A hint to Canada that it should not get swept up in its assumptions came June 2 from Bruce Heyman, the U.S. Ambassador to Canada, in his first speech since taking office in April.
He followed up Obama’s moves by calling for greater action against GHGs in Canada, including measures to tackle emissions from oil production.
“We need to continue to work together moving toward a low-carbon future, with alternative energy sources, with greater energy efficiency, and sustainable extraction of our oil and gas reserves,” he said.
Heyman said North America’s “newfound energy abundance should not distract us from the need to improve efficiency and combat climate change. This is not a task we can take on individually. It can only be successfully challenged together.”
He made no mention of XL or any other large-scale projects and gave no indication whether the regulations on coal emissions could have an impact on Canada.

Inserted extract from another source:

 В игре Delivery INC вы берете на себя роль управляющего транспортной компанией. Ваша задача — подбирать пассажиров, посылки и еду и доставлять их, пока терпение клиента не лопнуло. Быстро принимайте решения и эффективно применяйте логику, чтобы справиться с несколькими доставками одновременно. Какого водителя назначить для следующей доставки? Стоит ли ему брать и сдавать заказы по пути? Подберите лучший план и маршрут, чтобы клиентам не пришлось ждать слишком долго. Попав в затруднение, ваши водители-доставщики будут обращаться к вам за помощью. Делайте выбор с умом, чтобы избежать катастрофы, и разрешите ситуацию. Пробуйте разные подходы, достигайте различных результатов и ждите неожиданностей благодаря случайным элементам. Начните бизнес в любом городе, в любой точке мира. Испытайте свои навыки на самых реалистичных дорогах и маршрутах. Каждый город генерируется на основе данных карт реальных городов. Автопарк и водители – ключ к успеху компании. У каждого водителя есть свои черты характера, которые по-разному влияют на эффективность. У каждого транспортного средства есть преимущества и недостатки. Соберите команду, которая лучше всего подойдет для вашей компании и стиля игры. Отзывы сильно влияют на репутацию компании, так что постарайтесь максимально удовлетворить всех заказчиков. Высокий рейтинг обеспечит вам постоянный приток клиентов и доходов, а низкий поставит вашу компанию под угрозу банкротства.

However, Prime Minister Stephen Harper has consistently delivered a message over the years that Canada wants to coincide its carbon emissions policy with that in the United States.

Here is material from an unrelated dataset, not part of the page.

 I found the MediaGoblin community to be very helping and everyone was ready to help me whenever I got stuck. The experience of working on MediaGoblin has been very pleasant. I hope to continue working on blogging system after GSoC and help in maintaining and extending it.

But he appeared to vacillate in the House of Commons on June 2, suggesting that comparisons relate to how Canada and the U.S. treat their coal-fired plants, not how they are dealing with overall GHG emissions.
Harper argued that Obama is trailing Canada by two years in moving against coal-fired plants and is “taking actions that do not go nearly as far as this government went.”
University of British Columbia professor Kathryn Harrison, a specialist on global climate policies, told the Globe and Mail that Obama’s measures are designed to move the U.S. far ahead of Canada in reducing emissions to 17 percent below 205 levels by 2020, having already reached 7.5 percent.
Alberta’s view
While it waits to see what steps Harper might take, the Alberta government is making independent moves to introduce rules that it hopes will make progress in tipping the scales towards major energy projects, notably export pipelines to serve the U.S., Asia and Europe.
The government’s Alberta Energy Regulator was given authority in April to force companies to conserve excess gases emitted from oil sands operations rather than venting them into the atmosphere or burning them off.
But the rules are confined to facilities identified as a health threat to residents in the oil sands region, notably Native communities, and are not a blanket requirement to eliminate all gas emissions.
Alberta Finance Minister Doug Horner has complained that his province does not get enough credit for the environmental initiatives it has taken, such as a requirement for oil sands producers to reduce GHGs by12 percent per barrel, or pay a penalty of C$15 per metric ton above the cap.
That’s a message the Alberta industry and government continue spreading to lawmakers in Washington, D.C., although the government is confronted with demands to know why it has not yet acted on a proposal floated a year ago to reduce emissions by 40 percent a barrel and to increase the penalty to C$40 per metric ton.
Horner, echoing the federal government, has said the industry is reluctant to endorse those measures until Canada and the United States agree to parallel emissions rules.
Many observers share a view that if Canada wants to turn the tide of XL opposition, it must get serious about overall emissions. Now Obama, without casting his final vote on XL, may have tightened the screws on his northern neighbor.